Maths and Physics #2: Back to Greece
Max Planck is known as the founder of quantum theory.
He came up with the idea of the quantum as “an act of desperation”, to explain
weird experimental observations that could not be explained by theory. He found
he could explain the observations “only by butchering the mathematics of the
underlying theory”, by assuming the existence of “quanta”. But to him, quanta
were just mathematical constructs, not real-world constituents.
Albert Einstein, in trying to explain the photoelectric
effect, concluded that the energy of light (and all electromagnetic waves) was
quantized. Quantization was real, argued Einstein, not just a mathematical
convenience.
Many had noted
that Maxwell’s laws were “symmetrical” in certain mathematical ways. Einstein
went further than others. Not just Maxwell’s laws, he said, (mathematical)

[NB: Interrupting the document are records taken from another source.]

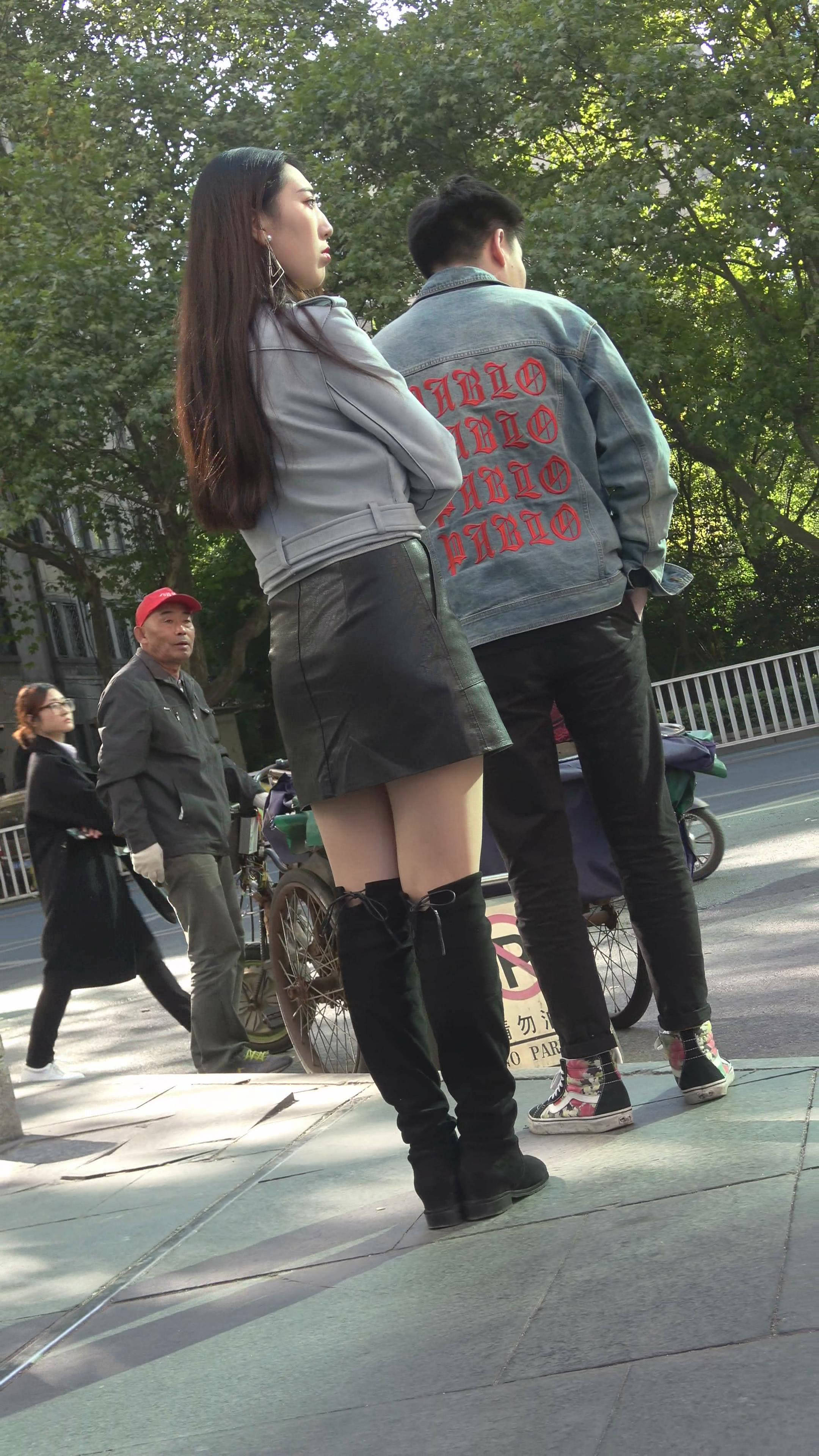 4K 长筒靴街拍性感短裙美腿御姐 编号7879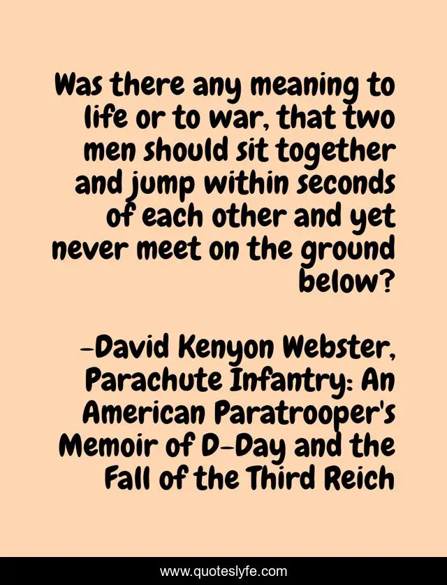 This page presents the quote "Was there any meaning to life or to war, that two men should sit together and jump within seconds of each other and yet never meet on the ground below?". Author of this quote is David Kenyon Webster, Parachute Infantry: An American Paratrooper's Memoir of D-Day and the Fall of the Third Reich. This quote is about death, war,.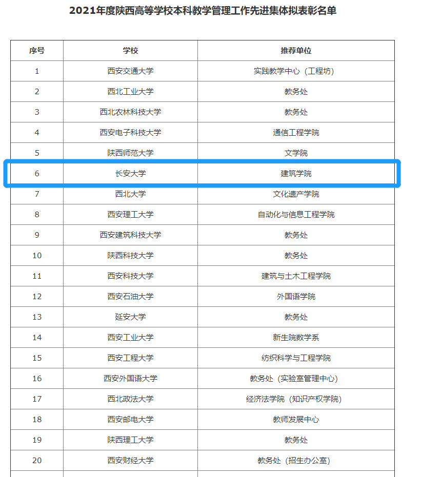 疫情当前,长大师生,同心抗疫,共克时艰,正全力打赢这场疫情防控歼灭战,近日省教育厅传来喜讯!经各高校申报、陕西省教育厅遴选,bat365正版唯一官网建筑学院获2021年度陕西高等学校本科教学管理工作先进集体。

symmetry applies to all universal laws of nature. Conversely, he
said, if a universal law isn’t symmetrical, it’s wrong. So far, all experiments
show the universe is governed by mathematically symmetrical laws.
Until this point,
Einstein believed that physics was a “concrete, intuitive science” and maths
was a tool to understand things, nothing more. All kinds of advanced maths, he
believed, was irrelevant to physics. Then Einstein tried to explain gravity
within the context of his special theory of relativity. And realized the maths
he knew wasn’t enough! A geometrical understanding was as much necessary as the
algebraic understanding. From here on, he changed his mind – advanced maths was
essential for a physicist to know.
If the path to the
general theory of relativity lay via maths, Hilbert, one of the great
mathematicians of the era, felt he had a chance at it (Einstein had explained
the work-in-progress theory in a talk). A race began – Einstein v Hilbert. Each
was strong in one area (physics or maths) but weak at the other. Einstein won.
Even though
Hilbert had lost, other mathematicians sensed they
could do physics… via maths. One such mathematician, Hermann
Weyl, thought he’d found a way to unify the maths of Einstein’s relativity
with Maxwell’s electromagnetism. Sadly, the unified maths made predictions
which contradicted reality. But Weyl worked on, fixed those mismatches, and
ended up framing the gauge theory, “one of the foundations of our
understanding of nature”.
Another
mathematician, Emmy Noether, found that the mathematical symmetry of
various physics theories implied that certain quantities had to be conserved
always. Thus, she said, the famous law of conservation of energy was one such
example of a more general pattern of conservation.
As Farmello says, the wheel had come full circle. The Greeks believed one could understand the world by pure thought, without observations and experiments. Galileo and Newton had reversed that view. And now mathematicians (with support of some physicists, like Einstein) were again taking us back to the Greek view!